I’m still helping others

News and Blog

Jo Penston is a Senior Clinical Administrator and usually works in our Living Well Centre helping to support patients and their carers and families when they’re visiting us for the day. Now she’s working to support our IT team. Here she shares how she’s been getting on in a different role to usual.

“My ‘day’ job was working in the Living Well Centre, working alongside my colleagues and volunteers to give our patients and their carers/families a calm and peaceful time whilst visiting the Living Well Centre, but when COVID-19 hit, everything changed and stopped overnight!. The Living Well Centre closed its doors and I was asked to work from home. I did this for two weeks and helped to set up the new Telephone Buddy Service. However, once that was done, I was then furloughed and left wondering what to do next.

Being furloughed made me feel very strange indeed, and if I’m honest, a little lost. So as was the same for many others, I promptly wrote a list of jobs I wanted to do and set about cleaning, sorting cupboards, baking and gardening to name a few. I even started doing online yoga!

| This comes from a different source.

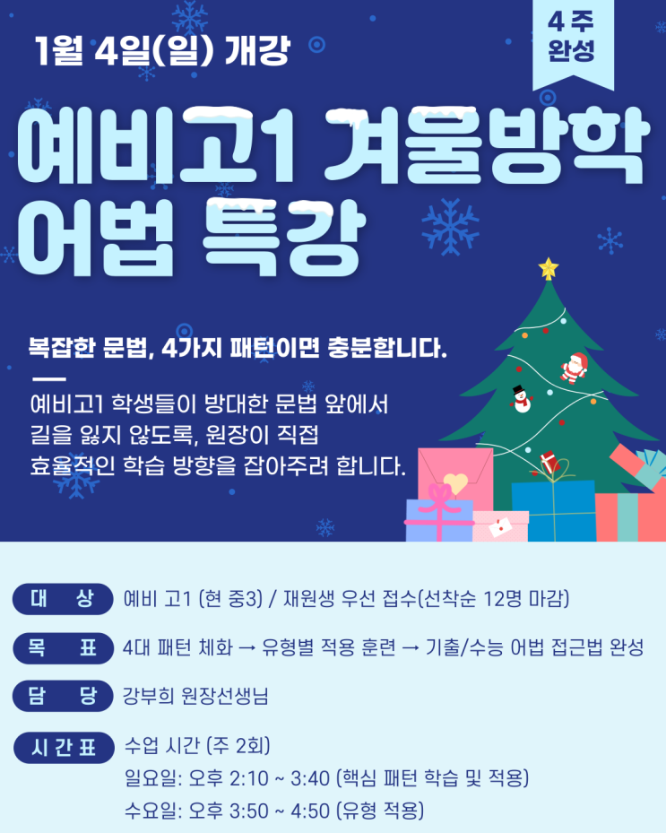 예비고1 학생들이 방대한 문법 앞에서 길을 잃지 않도록, 원장이 직접 가장 효율적인 학습 방향을 잡아주려 합니다. "복잡한 문법, 4가지 패턴이면 충분합니다." 무작정 암기하는 것이 아니라, 고등 어법을 관통하는 4가지 핵심 패턴을 학습하여 아이들이 스스로 유형에 적용하고, 나아가 수능 어법 문제까지 수월하게 접근할 수 있도록 돕겠습니다. ■ 강의 안내 담당: 강부희 원장 목표: 4대 패턴 체화 → 유형별 적용 훈련 → 기출/수능 어법 접근법 완성 대상: 예비 고1 (현 중3) 재원생 우선 접수 / 선착순 12명 마감 최소 인원 6명 미만 시 폐강될 수 있습니다. ■ 일정 및 시간 (4주 완성) 개강일: 1월 4일 (일요일) 수업 시간....... <img src="https://blogthumb.pstatic.net/MjAyNTEyMTlfMTA4/MDAxNzY2MTIwOTcwMzU3.sPRiL3zbWKo3MBzMmD-xJwDsJY0VwrC8wUIyg1INSL0g.2Vu3HmZtpKhVXF2V-lan15rvQpDiu2jUo6gcJzex0Z0g.PNG/%C1%A6%B8%F1%C0%BB-%C0%D4%B7%C2%C7%D8%C1%D6%BC%BC%BF%E4_-001_%2819%29.png?type=s3" />

However, when you get back to the start of your list, you realise that maybe there’s more to lockdown than Zoflora and trying to track down flour!

So, when an email was sent asking if anyone would be able to help IT as a customer service adviser, it didn’t take me long to send in an email to register my interest. I thought it was something I’d be able to do as I like talking to people and also helping wherever possible. After a conversation with Paul Rooney, the head of IT, I was asked if I’d like to come in and help the department. I must admit, it gave me a really good feeling to be working again!

Ali, who works in our IT team full time, very kindly came in on my first day and started showing me some of the tasks the team would like me to take on as their onsite representative while they mainly worked from home doing all the techy stuff. My tasks included the backup tapes, answering the phone to those having any IT issues either onsite or at home, and handing out laptops, to name a few. I also had to have a crash course in MS Teams as that’s how the IT guys communicate. I must admit Google became my friend! Everyone in the team was very patient with me and didn’t make me feel that any question I asked was silly.

It has been a few weeks now. My confidence is growing and I’m able to help others without always having to refer them to the team. I’m really enjoying being the onsite person to help where I can, to enable my colleagues to work. I’ve even written some guides to help those working from home and with MS Teams. I see myself as a translator from ‘ICT’ language to ‘man on the street’ language!

This role is completely different from my previous role in the Living Well Centre where my conversations were with patients, their loved ones and volunteers. Now, I mainly have conversations with colleagues. However different this role might be, I’m still helping others and playing a part in helping our community, which is what we all do in our own way, and therefore still gives me that sense of pride to work for St Catherine’s.”